The MLP performs the following operations:
- Linear transformation: $ z^{(l)} = W^{(l)} a^{(l-1)} + b^{(l)} $
- Nonlinear activation: $ a^{(l)} = \sigma(z^{(l)}) $

For the output layer:
- Output: $ \hat{y} = \sigma(W^{(L)} a^{(L-1)} + b^{(L)}) $

### Loss Function
The loss $ \mathcal{L} $ measures the difference between the predicted output $ \hat{y} $ and the true label $ y $. A common loss function is Mean Squared Error (MSE) for regression or Cross-Entropy Loss for classification:

$$
\mathcal{L} = \frac{1}{2} (\hat{y} - y)^2 \quad \text{(for regression)}
$$

### Back propagation Algorithm
Back propagation updates the weights of the MLP using the gradient of the loss function with respect to the model’s parameters (weights and biases). To calculate these gradients, we use the **chain rule** of calculus.

#### Chain Rule
If a function $ y $ depends on $ u $, and $ u $ depends on $ x $, the derivative of $ y $ with respect to $ x $ can be found using:

$$
\frac{dy}{dx} = \frac{dy}{du} \cdot \frac{du}{dx}
$$
In the MLP, backpropagation applies this rule to calculate the gradients layer by layer, starting from the output and propagating backward through the network.

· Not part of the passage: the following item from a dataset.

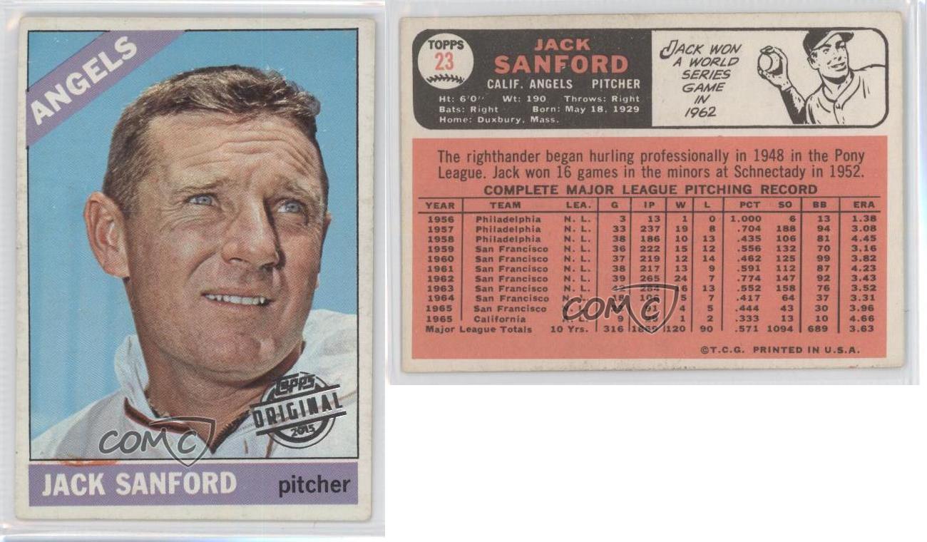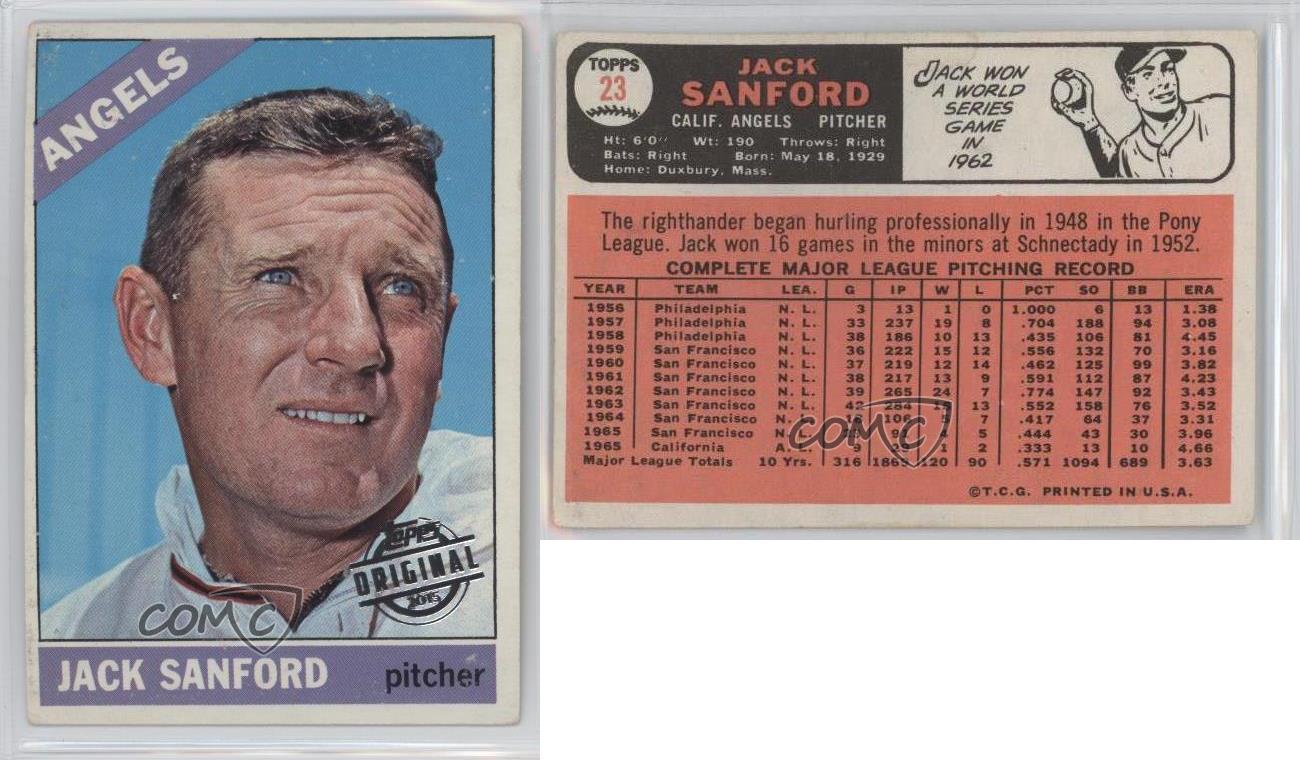 2015 Topps - Originals Buybacks #1966-23 Jack Sanford - Baseball Card - Featuring the Los Angeles Angels - Featuring Jack Sanford Search for more: 2015 Topps Search for more: 2015 Topps - Originals Buybacks View all of our Listings Auctions Buy It Now About Us Located in the beautiful Pacific Northwest, COMC (Check Out My Cards) is the world's largest consignment service for trading card singles. More than 10,000 people have used our consignment service to list over 50 million trading cards. Find out how we can help you consign your items on eBay by contacting us through eBay messaging. COMC -- "The Safe & Easy Way to Buy & Sell" Representative Image - Select Specific Item above to see image of actual item Representative Image - Select Specific Item above to see image of actual item Raw Condition for Modern Cards Unless otherwise noted, raw modern cards are listed in Near Mint-Mint condition or better. A NM-MT card appears to be Mint at first glance, but upon closer inspection, may exhibit some of the following: minor print defects (e.g. roller marks, print line, dimple), minor scratches, slight edge wear, and slight corner wear. Centering is clearly visible in the images provided and does not factor into our condition assessment. Raw Condition for Vintage Cards Unless otherwise noted, raw vintage cards are listed in Excellent condition or better. An EX card may exhibit some of the following: minor rounding of corners, surface wear, print defects, light scratches, and slight edge wear/chipping. Centering is clearly visible in the images provided and does not factor into our condition assessment. Domestic Shipping Combined shipping for multiple items is available. To receive combined shipping, please ensure all desired items are in your eBay shopping cart before proceeding to checkout. eBay limits orders to 40 items per order. We automatically combine multiple orders placed on the same day. If you place multiple orders on the same day, please contact us to request a refund of applicable shipping costs. Signature confirmation may be required on invoices over $400. All cards are protected and shipped securely. International Shipping COMC offers eBay's International Shipping (EIS) for international orders under $2,500* (see country exceptions below). All duties and import fees are paid at checkout; in the rare event that there are additional import fees upon delivery, these are borne by the buyer. EIS packages route through a shipping hub in Erlanger, KY before shipping to their final destination. Please note that EIS does not allow for combined shipments. The shipping rates are determined by eBay and cannot be adjusted. *Maximum sale price exceptions: Colombia, Kuwait ($2,000); Taiwan ($1,539); Chile, Costa Rica, Guatemala, Honduras, Trinidad and Tobago ($1,000); Antigua and Barbuda, Aruba, Belize, Dominica, Grenada, Philippines, Saint Kitts and Nevis, Saint Lucia, Montserrat, Turks and Caicos Islands ($500); Dominican Republic, El Salvador ($200). Please request a shipping quote through eBay messaging for orders that exceed the maximum sale price supported by eBay's International Shipping. You will be responsible for all duties and import fees for international orders shipped outside the EIS. All cards are protected and shipped securely. Payment COMC does not accept offers on our cards through our eBay storefront. COMC utilizes eBay’s managed payments system. If you are experiencing difficulties making a payment, please contact eBay for assistance. Return Policy Returns are only accepted on the rare occasion the item is not as described. If you are making a return, please initiate the return process through eBay so a mailing label can be provided for you. Prior to listing, our expert team carefully assessed this item to represent it accurately. Please review the description and high-definition images prior to purchasing to ensure this item meets your satisfaction. We welcome you to contact us if you have further questions about this item. Trust and Integrity COMC carefully assesses each item consigned to us to prevent fraudulent items from entering the marketplace. If you believe an item offered on COMC may be fraudulent, please contact us with details so we can investigate the issue. Items we determine are outside our supported items policy may be removed. Last Modified: 5/15/2025 3:04:11 PM PDT

#### Steps in Backpropagation:
1. **Forward Pass**: Compute activations for each layer, $ a^{(l)} $, and store them.
2. **Loss Calculation**: Compute the loss $ \mathcal{L}(\hat{y}, y) $.
3. **Backpropagate Errors**:
   - Calculate the gradient of the loss with respect to the output $ \hat{y} $.
   - Propagate the error backwards using the chain rule to update the weights.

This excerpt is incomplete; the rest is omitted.